Alguns amigos ficaram espantados com a entrevista do cantor Chico Buarque ao El País, na segunda-feira. Justamente quando líderes históricos abandonam o PT e o Congresso Estadual do partido em São Paulo sofre falta de participantes, Chico Buarque não só segue apoiando o PT como considera a crise do partido pura intriga da oposição. “Querem enfraquecer o governo para que, em 2018, o PT chegue desgastado nas eleições”, disse ele.

Houve quem chamasse o cantor de louco ou desinformado, mas na verdade a posição de Chico Buarque é racional e coerente com incentivos econômicos. Do ponto de vista da economia da política, é vantajoso teimar numa opinião errada.

Explico a ideia comparando duas situações:

SITUAÇÃO A – Chico Buarque precisa comprar um apartamento em Paris. A decisão cabe 100% a ele. Se escolher mal, Chico Buarque será o maior afetado pelo equívoco.

SITUAÇÃO B – Chico Buarque precisa decidir em quem votar. A decisão cabe não só a ele, mas a outros 142 milhões de eleitores.

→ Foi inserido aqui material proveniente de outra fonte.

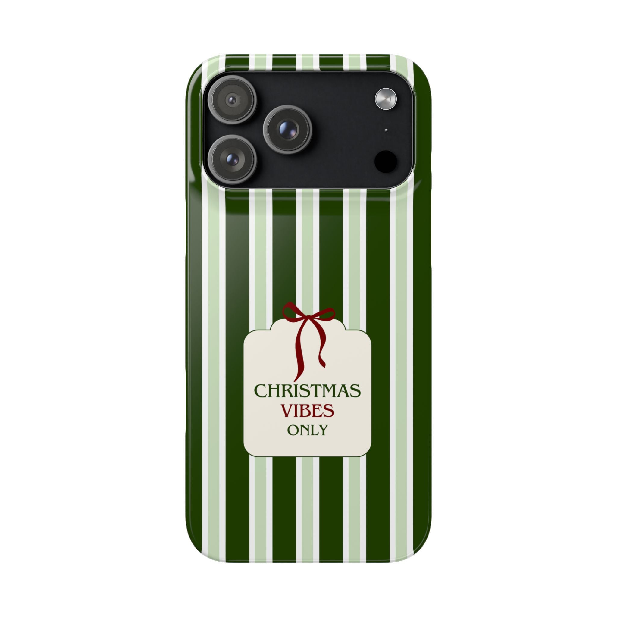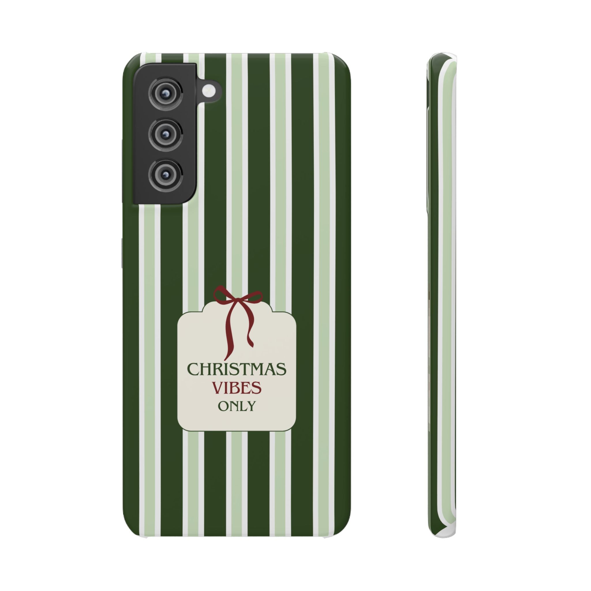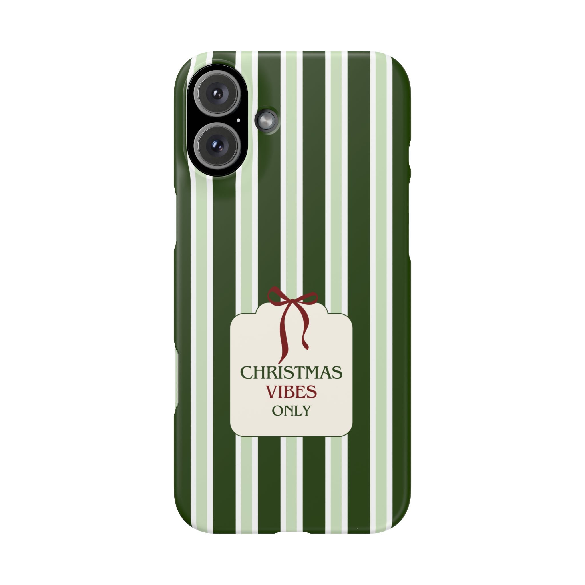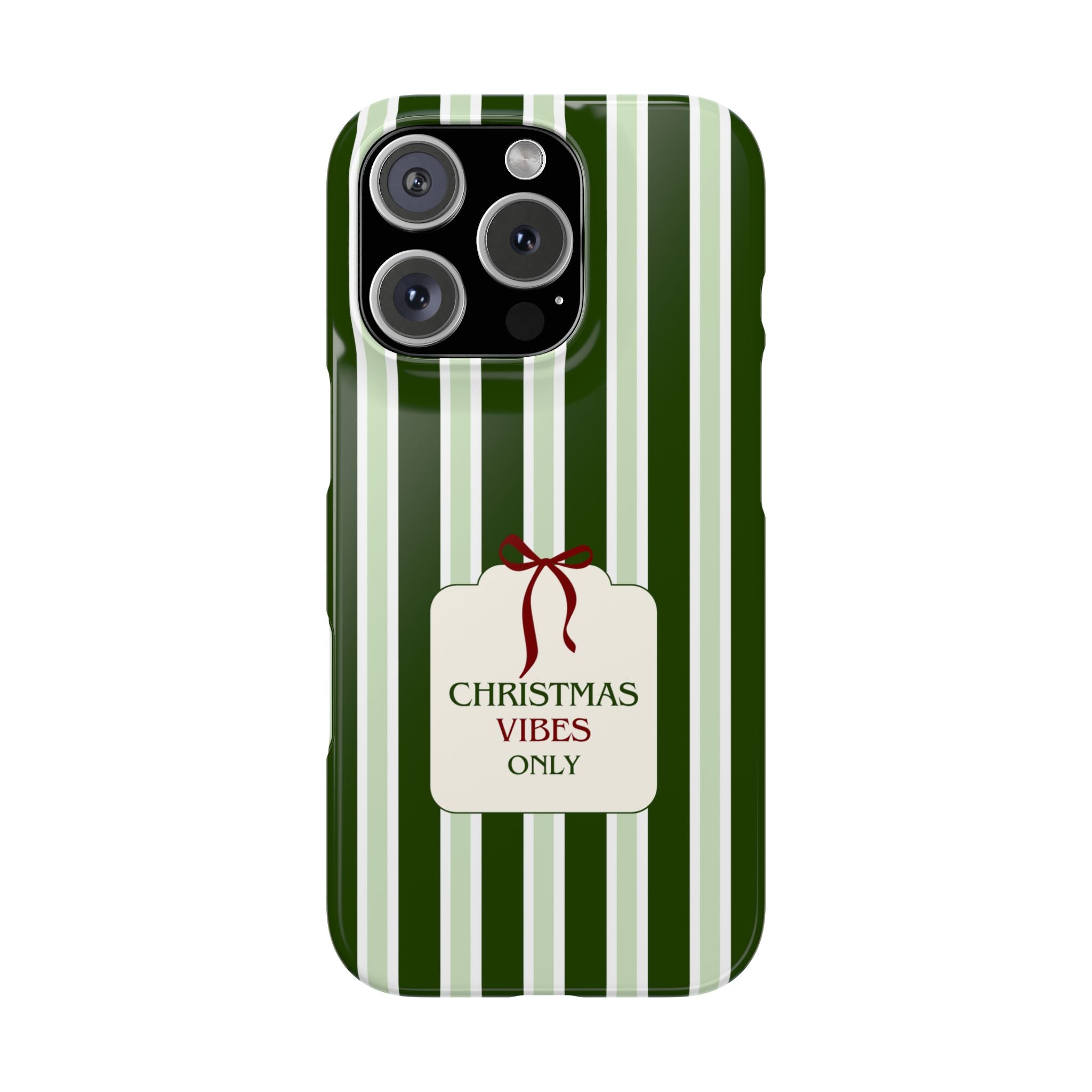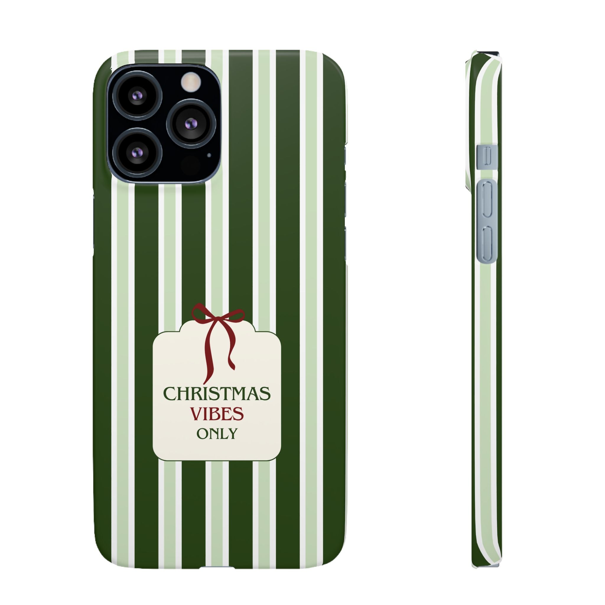 Christmas Vibes Only – schlank & stilvoll, schützt dein Smartphone zuverlässig vor Kratzern & leichten Stößen und bringt mit den frischen grünen Streifen und dem „Christmas Vibes Only“-Schriftzug moderne, entspannte Weihnachtsstimmung in deinen Alltag.

Dificilmente a eleição dará empate, por isso o voto dele não fará diferença alguma. É incerta a influência que o apoio de Chico Buarque ao candidato A ou B terá sobre outros eleitores. Na remota hipótese da influência de Chico Buarque decidir uma eleição, ele será pouco afetado por uma eventual decisão errada. O prejuízo causado pela decisão será dividido por 200 milhões de brasileiros. Chico Buarque será um dos menos afetados – afinal sempre pode dar um tempo do Brasil em seu apartamento em Paris.

A teoria da ignorância racional, formulada em 1957 pelo economista Anthony Downs, explica por que eleitores gastam tão pouco tempo para escolher o melhor candidato. Os eleitores intuitivamente sabem que cada voto tem um peso muito pequeno e dificilmente decidirá uma eleição. Ora, se tempo é dinheiro, e gastar tempo escolhendo um político terá pouco efeito nas urnas, então é racional ser um eleitor ignorante. A Situação A traz bem mais incentivos para uma boa decisão que a Situação B.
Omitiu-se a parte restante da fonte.